New Mount: "First Light" for my Sky-Watcher HEQ5 PRO

17 July 2021

My astrophotography journey began modestly. Using only a camera, a super-zoom lens, and a tripod I took my first pictures of stars from home. Those were simple pictures: A mostly black picture with white dots sprinkled throughout the image. This was by no means a good image but got me thinking about what I needed to change to take better and most of all, more interesting pictures of the sky.

So I began to read and test and read more and test more. This was how I dabbled into landscape astrophotography. As I mostly went out with some deep-sky photographers they were naturally more interested in dark places than interesting landscapes. They weren't taking pictures of the environment after all and it was sufficient to go to the same dark spot over and over again.

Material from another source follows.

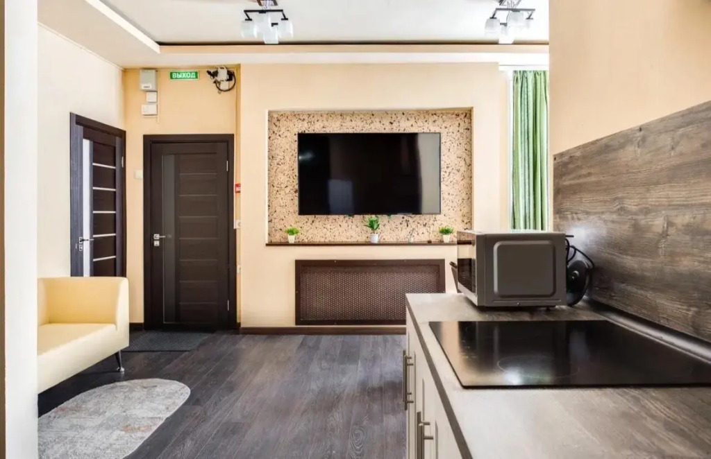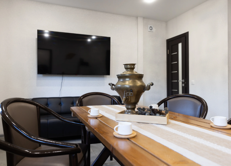 В банном комплексе есть: зона отдыха, телевизор, чайник, микроволновая печь.
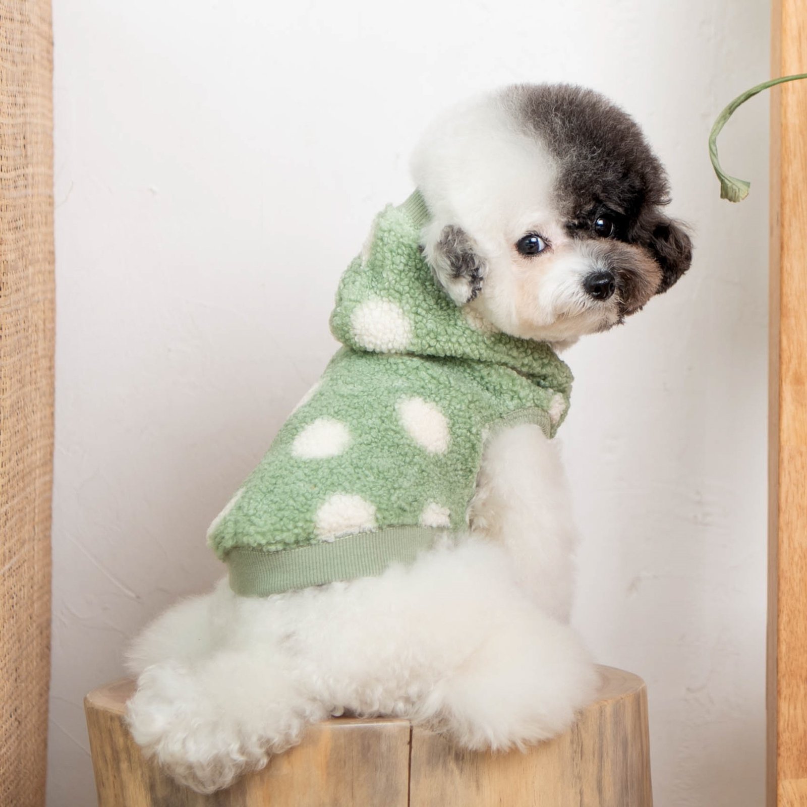 This fashionable pet hoodie is ideal for keeping your furry friend warm and stylish during cooler weather. The mint green color and playful polka dot pattern create a charming look, while the plush material provides comfort. The hood adds both style and functionality. The ribbed edges help keep the garment securely in place.

Taking starry landscape shots quickly became redundant and so I gave deep-sky photography a go. This must have been around winter as the first DSO I can remember to take an image of was M42, the Orion Nebula. It is pretty easy to find and even without a star tracker, there is a chance to see at least some of the nebulosity.

Fast forward 4 years: For quite some time I feel that I have outgrown my trusty Sky-Watcher Star Adventurer, which is a nifty little tracker for simple and importantly lightweight camera equipment. My current gear of choice weighs around 4 kilos which is just shy of the maximum payload of 5 kilos. Moreover, I messed up my polar alignment regularly when I was trying to find and frame my target. All together lead to my wish for a new mount:

  • A more sturdy mount.
  • A mount with GOTO-capabilities
  • A mount that gives me room to grow and use real telescopes (refractors and reflectors)

As I was satisfied with all Sky-Watcher products I own I didn't feel like switching manufacturers, so my choice was down to one of the following options:

  • An EQM-35
  • A HEQ5 PRO
  • An EQ6R PRO

All in their respective GOTO-Version. The HEQ5 PRO seemed to be a good compromise between portability, affordability, and room for further upgrades. So I saved up my money and finally got myself a new toy.

This weekend was the first use of the mount and the goal was not primarily to get a good image but to get to know the mount, how the setup and tear down works, how it connects with my ASIAIR and how polar alignment and GOTO can be used with the ASIAIR. Nevertheless there is an image of NGC 7000, the North America Nebula, which I can show:

NGC 7000 - North America Nebula

Compared to all the other images of NGC 7000 I took, this one is my favorite until now.

One thing to conclude with: As it is with new equipment, not everything went smooth this time. In the beginning, I had major problems getting the mount to slew to the position I wanted to. However this was by no means the fault of the mount, it was a problem in the interaction between my Nikon D5300 and the ASIAIR. Although the camera took pictures, or at least it seemed like it, the ASIAIR did always receive or process the same image of the region around the north celestial pole. That this will not work is no surprise at all and a problem I have to look after some other time. After replacing the D5300 with the D7500 the rest of the night was a piece of cake.